*EXERCISE INSTRUCTIONS*
Only one portion of the data is to be written out: from the line bearing "(¬3) البخاري: (12/" through the line bearing "New! Profile By". Write it exactly as it appears.
**** DATASET
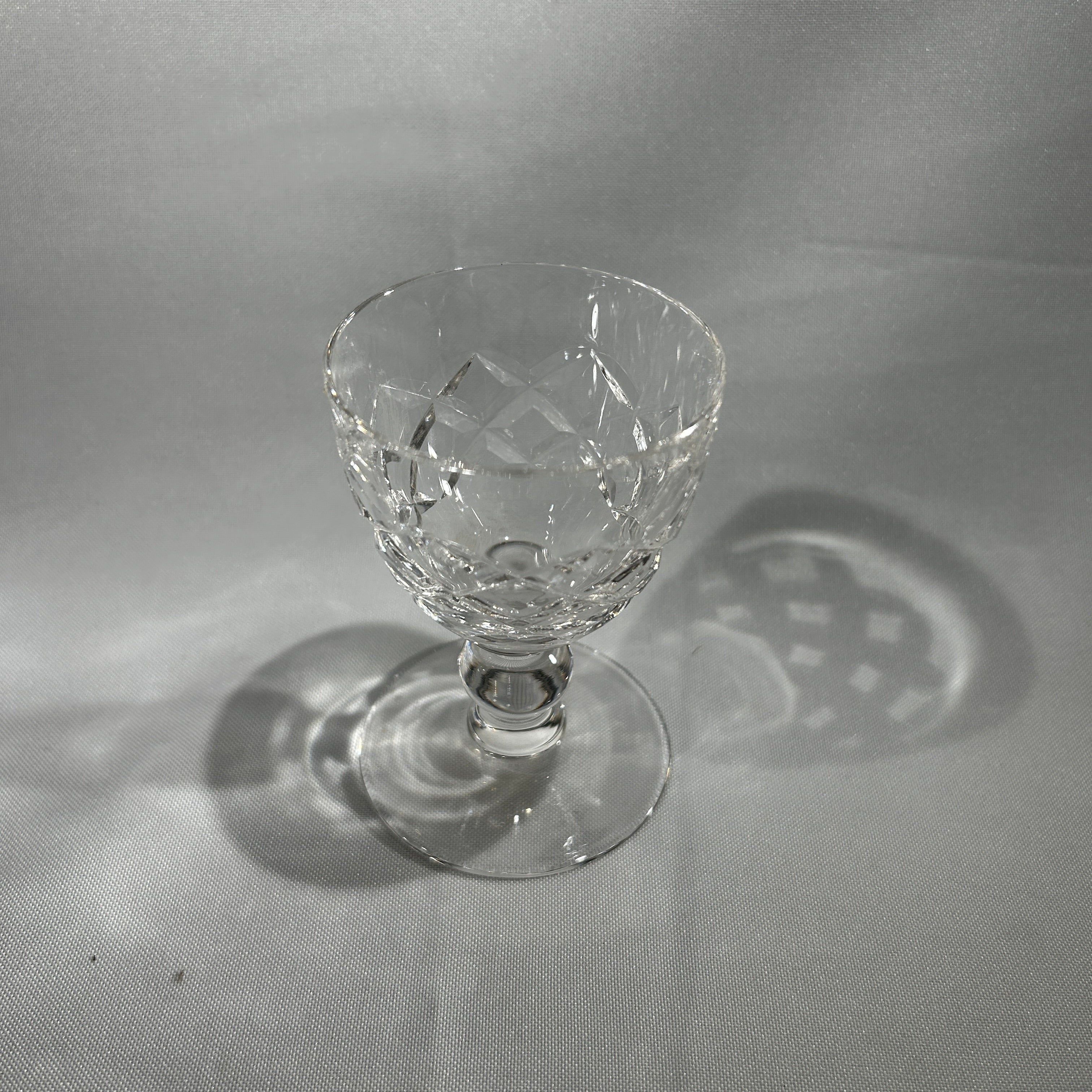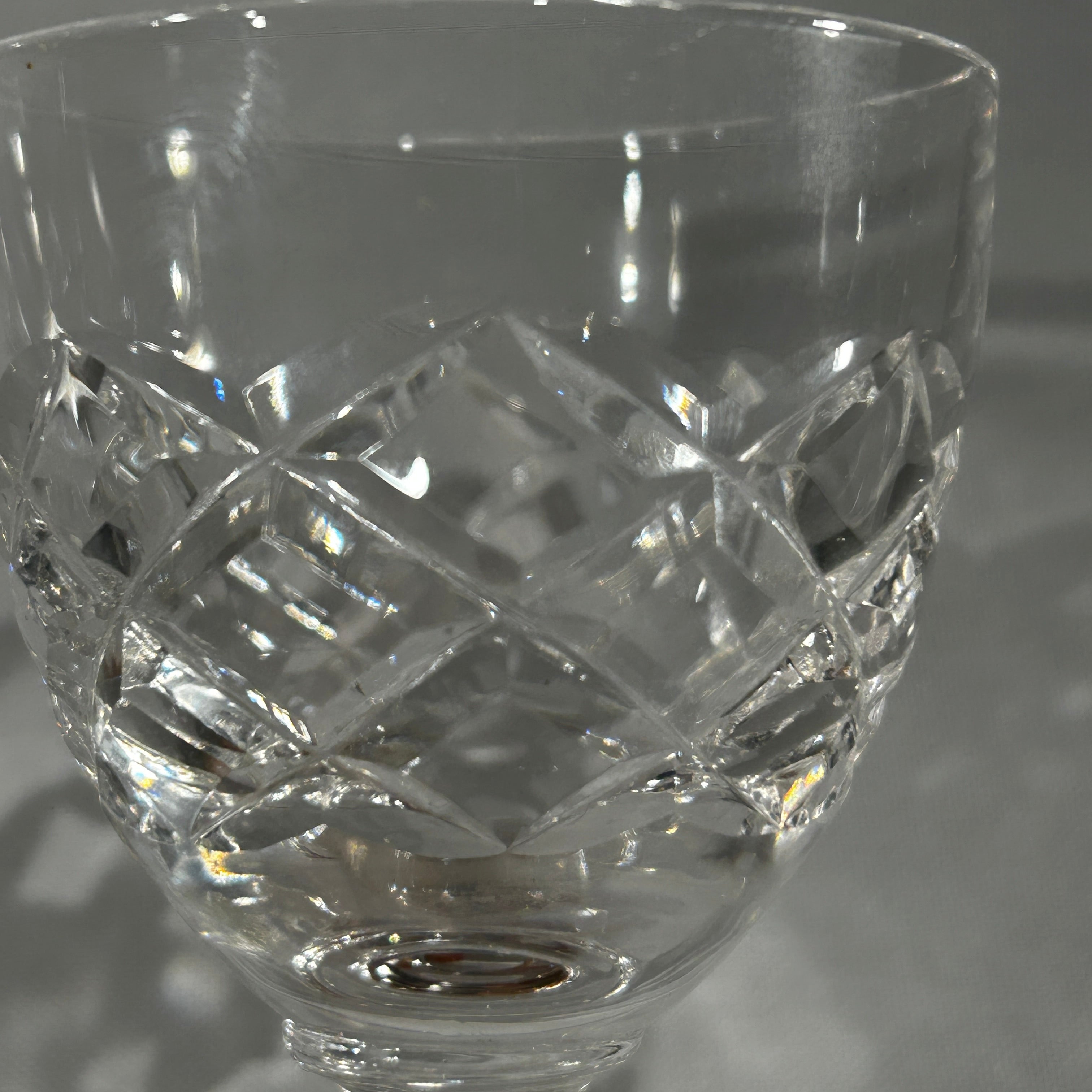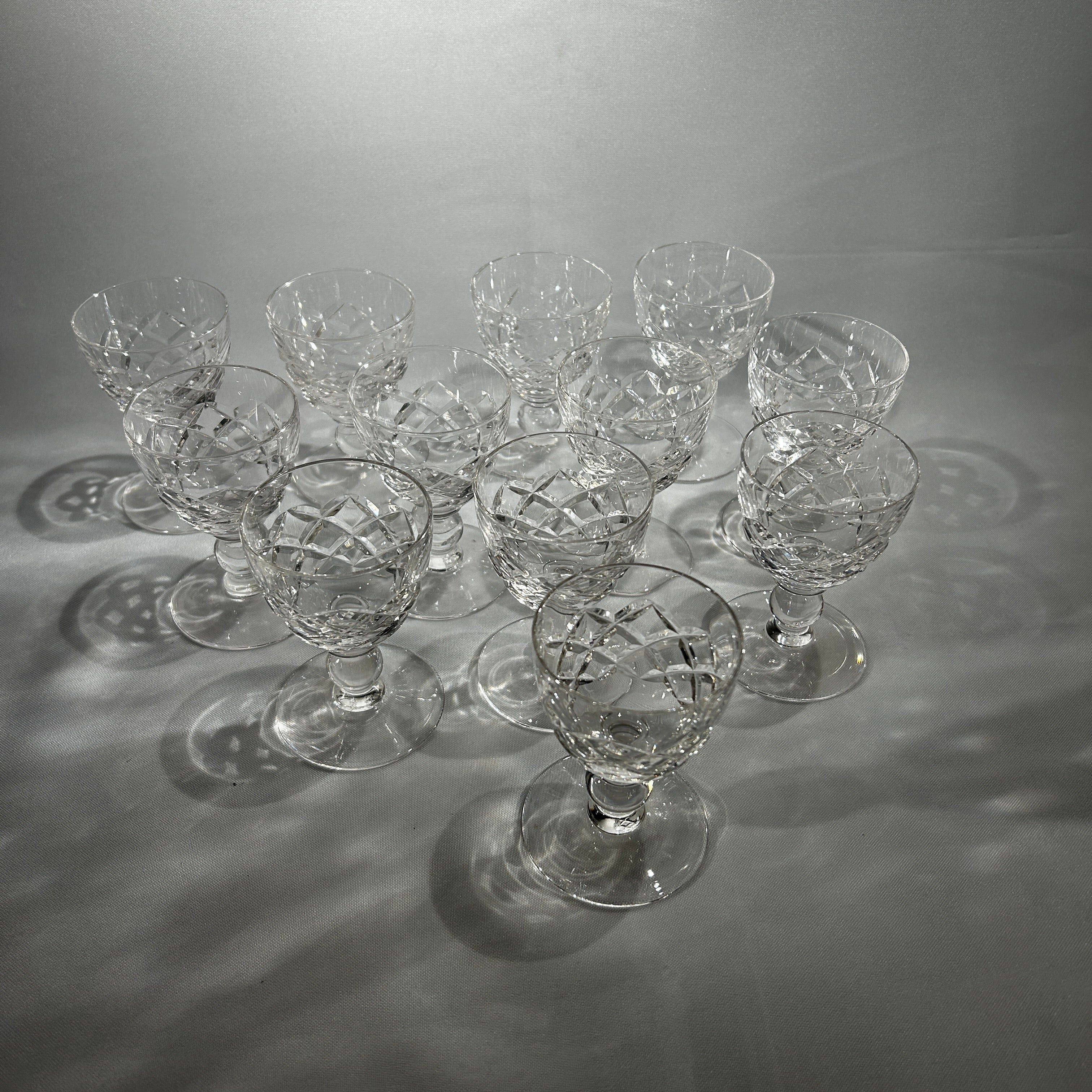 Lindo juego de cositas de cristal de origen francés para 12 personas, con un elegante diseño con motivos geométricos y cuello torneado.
********
**** DATASET
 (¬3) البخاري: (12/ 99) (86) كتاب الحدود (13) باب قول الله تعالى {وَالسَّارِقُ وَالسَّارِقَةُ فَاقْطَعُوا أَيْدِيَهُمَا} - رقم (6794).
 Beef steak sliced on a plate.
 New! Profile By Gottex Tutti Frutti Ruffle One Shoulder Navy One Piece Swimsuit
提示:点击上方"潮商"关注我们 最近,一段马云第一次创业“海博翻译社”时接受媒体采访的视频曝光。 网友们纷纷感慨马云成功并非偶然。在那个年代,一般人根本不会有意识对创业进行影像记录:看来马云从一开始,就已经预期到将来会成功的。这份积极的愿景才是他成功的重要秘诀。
********
*SOLUTION BELOW*
 (¬3) البخاري: (12/ 99) (86) كتاب الحدود (13) باب قول الله تعالى {وَالسَّارِقُ وَالسَّارِقَةُ فَاقْطَعُوا أَيْدِيَهُمَا} - رقم (6794).
 Beef steak sliced on a plate.
 New! Profile By Gottex Tutti Frutti Ruffle One Shoulder Navy One Piece Swimsuit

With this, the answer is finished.